Submitted to: Journal of Bacteriology
Publication Type: Peer Reviewed Journal
Publication Acceptance Date: 9/14/2001
Publication Date: N/A
Citation: Interpretive Summary: Staphylococcus aureus is an important human pathogen. It is the causative agent of a variety of infections, ranging from superficial skin infections to more serious systemic infections. Beta-lactam antibiotics, such as penicillin and newer classes of related antibiotics, which were once able to cure infections caused by this bacterium are no longer effective. This bacterium has become resistant to all beta-lactams by acquiring novel resistance genes from other bacteria. These resistance genes allow beta-lactam- resistant S. aureus to survive in the presence of these antibiotics, thus leaving only a limited option for successful treatment of infections caused by this bacterium. The gene, mecA, that confers a wide array of beta-lactam resistance in S. aureus, enables resistant cells to make a protein (PBP2a) that can perform cell wall synthesis even in the presence of very high levels of beta-lactams.
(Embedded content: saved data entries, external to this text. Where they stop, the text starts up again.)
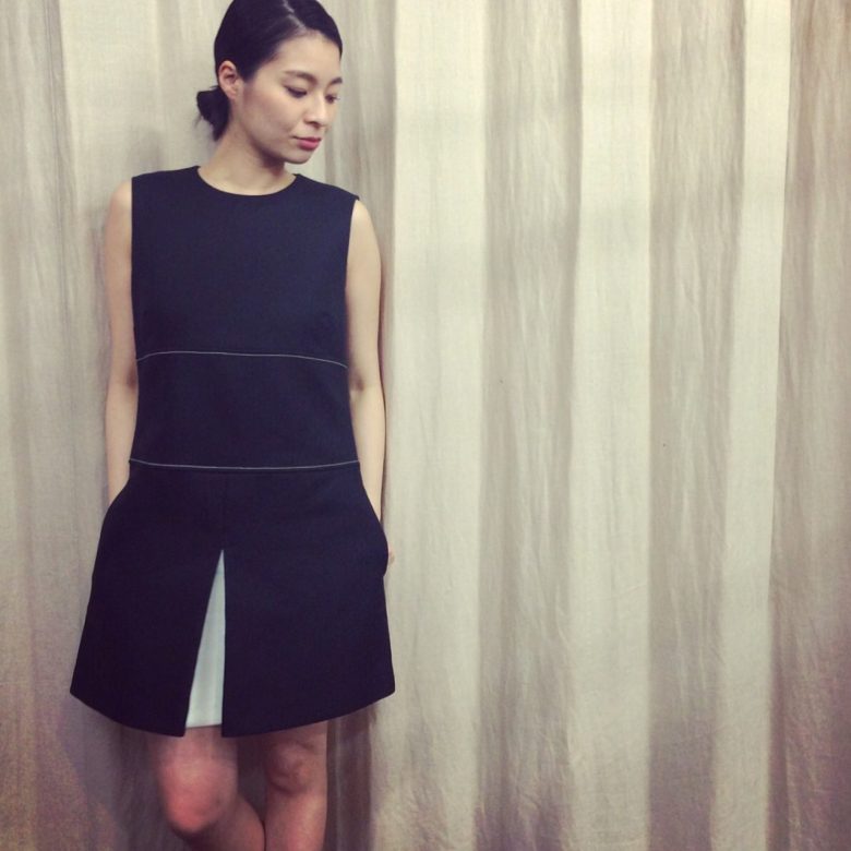 シンプルなミニドレスもwhiteステッチのラインですっきりと上品に。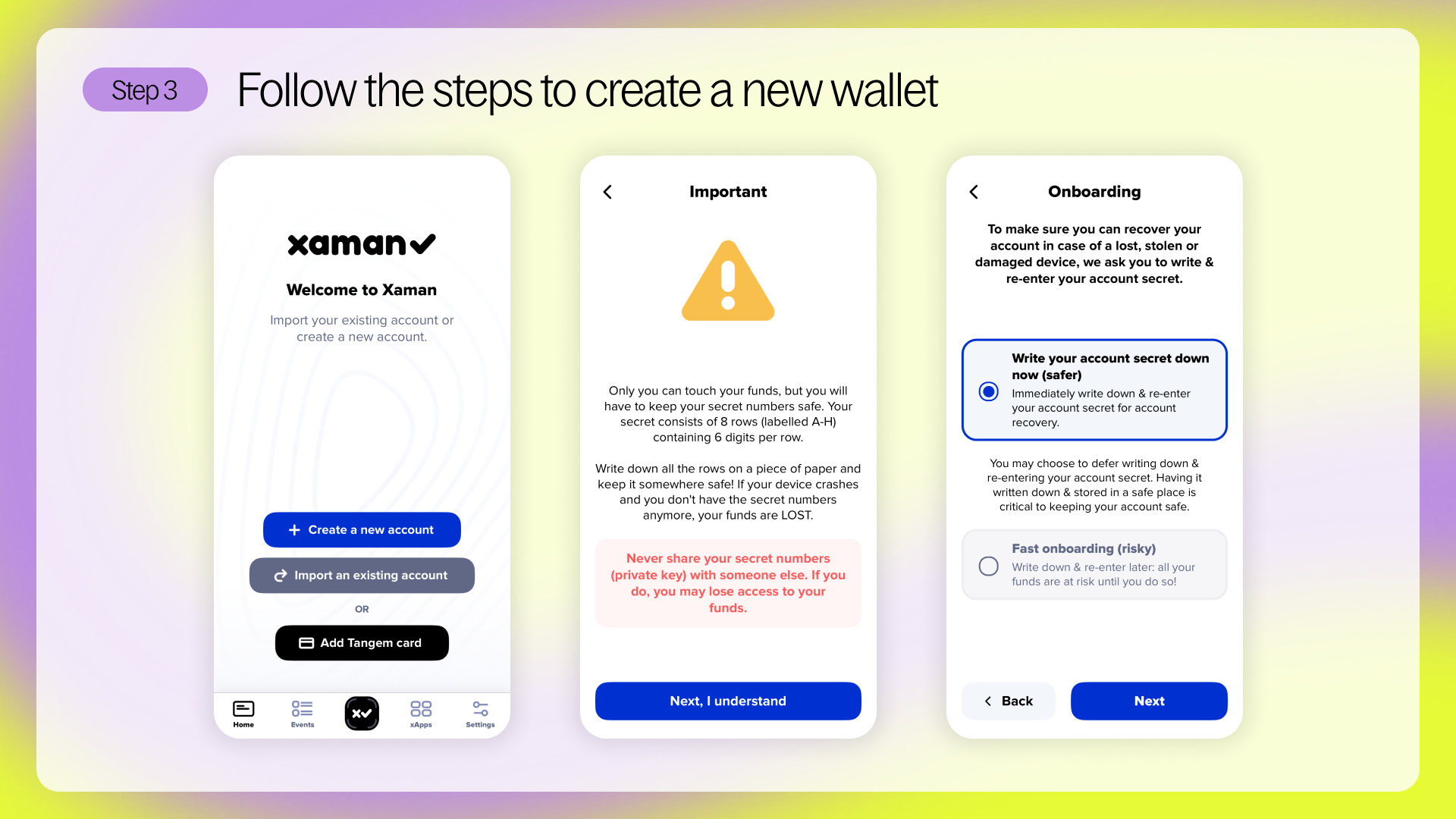 You’ll be presented with your wallet’s recovery phrase. Xaman uses a system called secret numbers to secure wallets - this consists of 8 rows of 6 digits each. These numbers are your private key, and they’re the only way to recover your wallet if you lose access. Write this phrase down and store it offline **in a secure place. Never save it on your phone, browser, or cloud storage. Anyone with this phrase can access your wallet.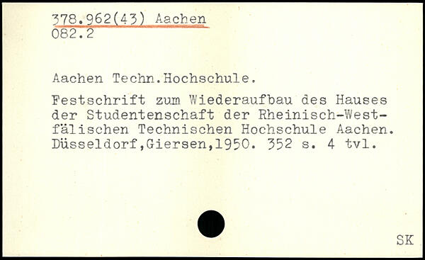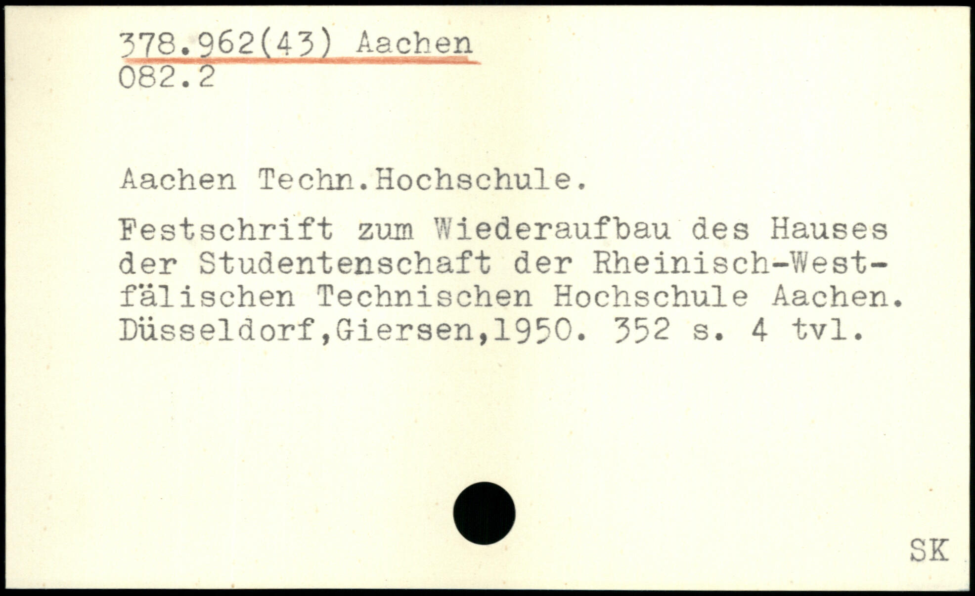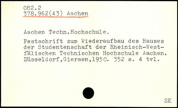Aachen Techn.Hochschule. Festschrift zum Wiederaufbau des Hauses der Studentenschaft der Rheinisch-Westfälischen Technischen Hochschule Aachen.

Moreover, additional genes (mecI-mecR1) provide resistant cells the mechanism to increase the amount of PBP2a in the presence of beta-lactams. Other genes, such as blaZ, that allows the synthesis of protein beta- lactamase to destroy penicillin, and genes (blaR1-blaI) that regulate blaZ expression, can also influence the level of mecA. Thus, the understanding of the mechanism by which these two sets of regulatory genes (mecR1-mecI and blaR1-blaI) control the synthesis of PBP2a might pave the way to develop alternative strategies to control infections caused by beta-lactam-resistant staphylococci.
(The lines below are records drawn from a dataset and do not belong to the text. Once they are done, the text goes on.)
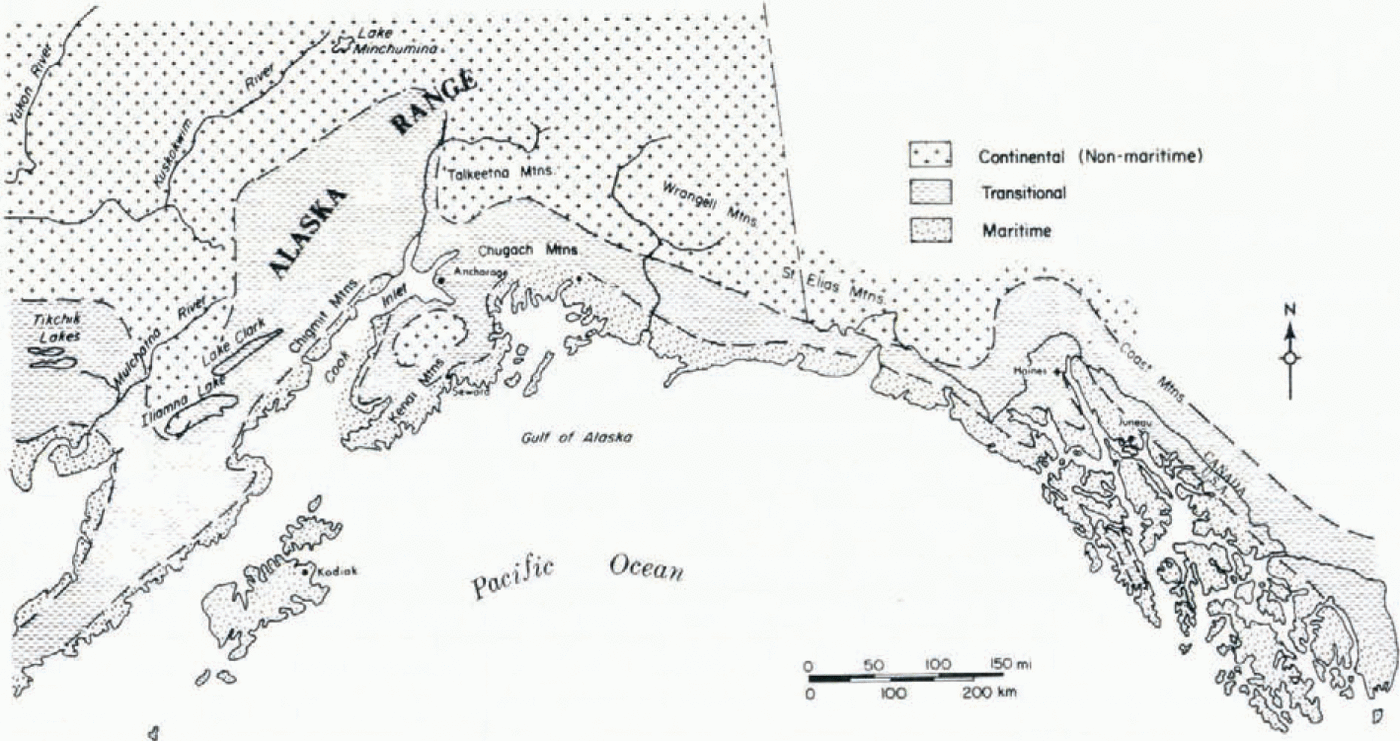 The snow—pack of South—central Alaska has the greatest variation of any of the snow— avalanche regions within the state. These variations occur not only on an area—to—area basis within the region, but also seasonally at any specific location. The general storm paths, proximity to ocean water, and large orographic features, combine to form a full spectrum of climatic zones which include maritime, transitional, and non—maritime macroclimates. These differences are apparent from the coast inland and vertically from low to high elevations. The coastal mountains typically receive large accumulations of wet snow—fall (3.0—5.0 m) which are responsible for numerous permanent snow—fields and glaciers in the region. At sea—level the temperatures are often near the freezing point and temperatures cool moderately with elevation. Consequently, snow—packs adjacent to coastal areas in South—central Alaska are relatively warm and moist (approximately 32°F (0°C)).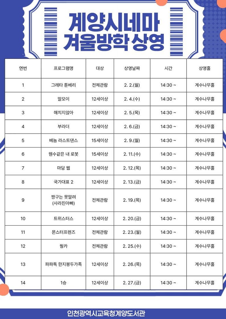 먼저,‘겨울방학 계양시네마’는 휴관일을 제외한 2월 한 달간 운영하며, 계수나무홀에서 온 가족이 즐길 수 있는 다양한 장르의 영화 14편을 상영할 예정이다.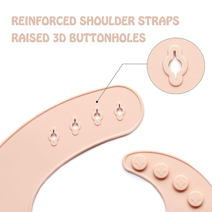 • SILICONE BIB – The silicone baby feeding bib has a big food catcher that could stay open. So, it could catch most of the falling foods & drinks. The tightening buttons secure the silicone bibs well and make it harder for toddlers to pull it apart. It fits for the little ones in age of 6 ~ 36 months.

Technical Abstract: In staphylococci mecA and blaZ, genes encoding a penicillin binding protein (PBP2a) and beta-lactamase, respectively, confer resistance to beta-lactams. The mec and bla regulators, mecR1-mecI and blaR1- bla1, encode inducer-repressors with sufficient amino acid homology to suggest that they could co-regulate PBP2a production. In order to test this hypothesis, plasmids containing mec and bla regulatory sequences were introduced into Staphylococcus aureus containing a chromosomal mecA-lacZ transcriptional fusion. Co-repression was confirmed by demonstrating a gene dosage-dependent reduction in beta- galactosidase activity by either MecI or BlaI and additive repression when both were present. MecI-MecI, BlaI-BlaI, and MecI-BlaI interactions were demonstrated in the yeast two-hybrid assay. Although purified MecI and BlaI protected the mec promoter-operator (P-O) sequences, protection was achieved by MecI at one-third the concentration required for BlaI. In addition, MecI was approximately 3-fold more effective at mecA transcriptional repression than was BlaI, and MecI had twice the affinity of BlaI for mec P-O binding sites. While MecI and BlaI were interchangeable as repressors, there was a marked difference between MecR1 and BlaR1 in the rate and specificity of induction of chromosomal mecA transcription. Induction through BlaR1 by a beta-lactam (CBAP) was 10-fold greater than through MecR1 at 60 min, and was 81% of maximal by 2 hrs while induction through MecR1 never exceeded 20% of maximal. Furthermore, MecI-mediated mecA transcriptional repression could not be relieved by BlaR1, demonstrating the repressor-specificity of induction.